“Raihan ini mirip sekali dengan Mirza waktu kecil. Dulu Mirza juga sangat aktif, sampai saya bawa ke psikolog di Jakarta untuk tes IQ. Hasilnya di atas rata-rata, 141 waktu itu,” kenang Hj. Yurtati sambil mendoakan Raihan kelak menjadi anak yang sukses.
Dalam suasana penuh keakraban, Gubernur Mirza kemudian menanyakan cita-cita Raihan. Dengan lantang, bocah kelas sekolah dasar itu menjawab ingin menjadi polisi.
Raihan tampak semringah saat mencoba sepeda pemberian Gubernur, meski sempat mendapat candaan karena ukuran sepeda yang sedikit tinggi.

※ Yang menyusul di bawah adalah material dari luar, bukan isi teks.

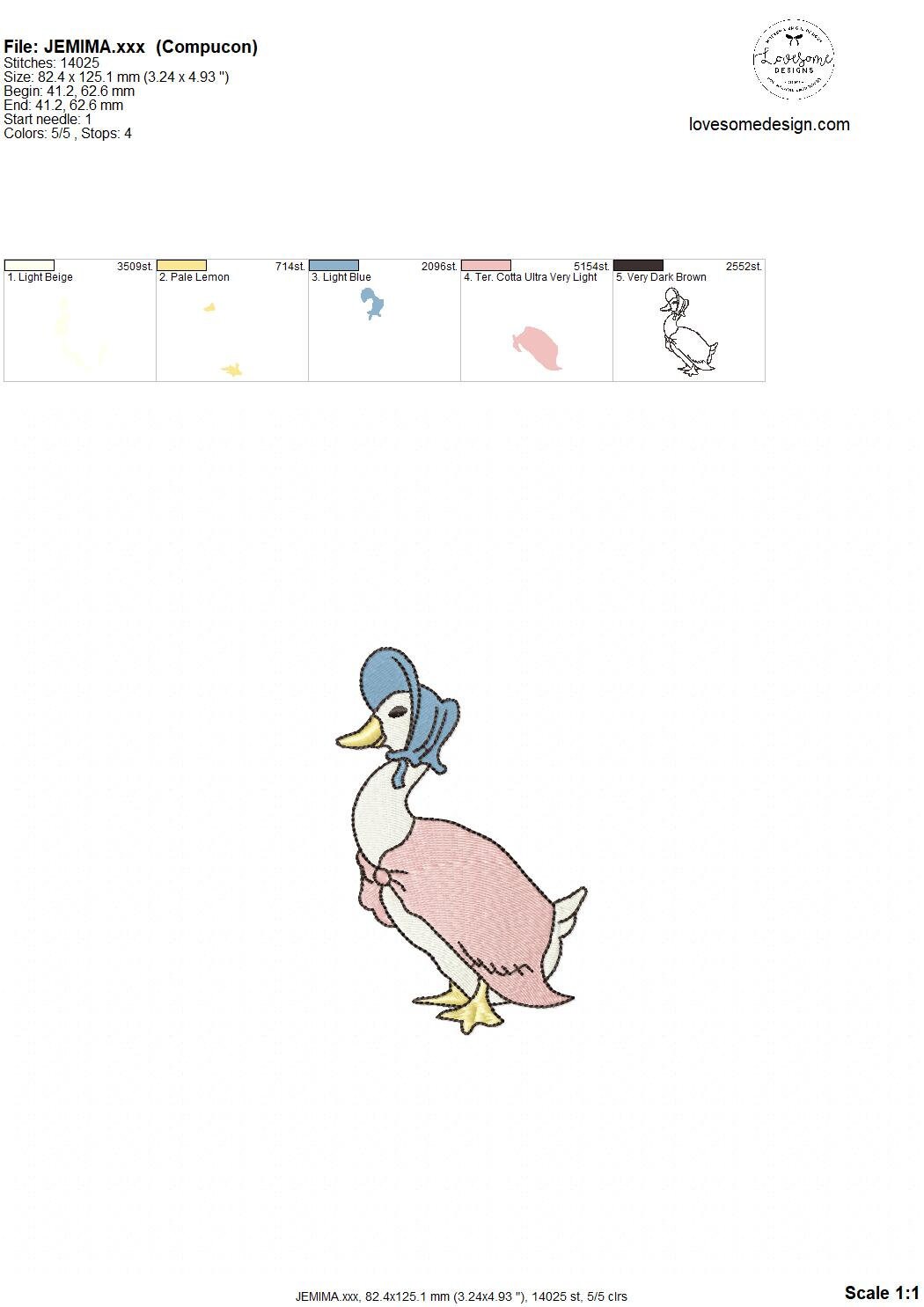 This listing features a machine embroidery file of Jemima Puddleduck design in 5 inch size.

“Wah, masih ketinggian ya, kalau gitu nggak jadi ya,” ujar Gubernur sambil bercanda.
“Sudah bisa kok ini cukup,” sahut Raihan penuh percaya diri, yang langsung disambut tawa orang tua dan Gubernur.
Ketika ditanya soal keberaniannya memanjat tiang bendera, Raihan dengan polos mengaku melakukannya tanpa arahan siapa pun. “Saya sendiri saja, nggak ada yang nyuruh,” katanya.

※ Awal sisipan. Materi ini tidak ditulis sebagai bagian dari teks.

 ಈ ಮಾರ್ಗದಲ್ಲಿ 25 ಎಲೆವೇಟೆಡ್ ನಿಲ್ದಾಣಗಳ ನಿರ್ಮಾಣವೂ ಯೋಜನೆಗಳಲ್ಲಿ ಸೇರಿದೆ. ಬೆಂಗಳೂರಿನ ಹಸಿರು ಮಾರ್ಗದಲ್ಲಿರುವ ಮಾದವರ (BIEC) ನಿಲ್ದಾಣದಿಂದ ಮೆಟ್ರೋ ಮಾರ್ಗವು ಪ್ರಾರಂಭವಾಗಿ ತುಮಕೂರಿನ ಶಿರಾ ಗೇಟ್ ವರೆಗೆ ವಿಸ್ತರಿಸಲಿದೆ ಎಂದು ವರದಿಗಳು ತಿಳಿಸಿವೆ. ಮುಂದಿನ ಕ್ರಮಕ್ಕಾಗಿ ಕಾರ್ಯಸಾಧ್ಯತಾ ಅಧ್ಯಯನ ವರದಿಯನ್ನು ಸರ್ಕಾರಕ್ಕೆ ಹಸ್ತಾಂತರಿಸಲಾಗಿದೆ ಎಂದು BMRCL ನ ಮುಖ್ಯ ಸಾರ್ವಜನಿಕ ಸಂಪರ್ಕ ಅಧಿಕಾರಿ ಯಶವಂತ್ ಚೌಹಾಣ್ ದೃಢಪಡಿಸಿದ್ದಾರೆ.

Gubernur Mirza menyampaikan rasa bangganya atas keberanian Raihan yang menurutnya menjadi teladan bagi anak-anak lainnya.
“Aksi Raihan menjadi teladan bagi anak-anak lain bahwa keberanian, kepedulian, dan cinta tanah air bisa ditunjukkan dengan cara sederhana namun berarti,” ujar Gubernur. (Rls/SA)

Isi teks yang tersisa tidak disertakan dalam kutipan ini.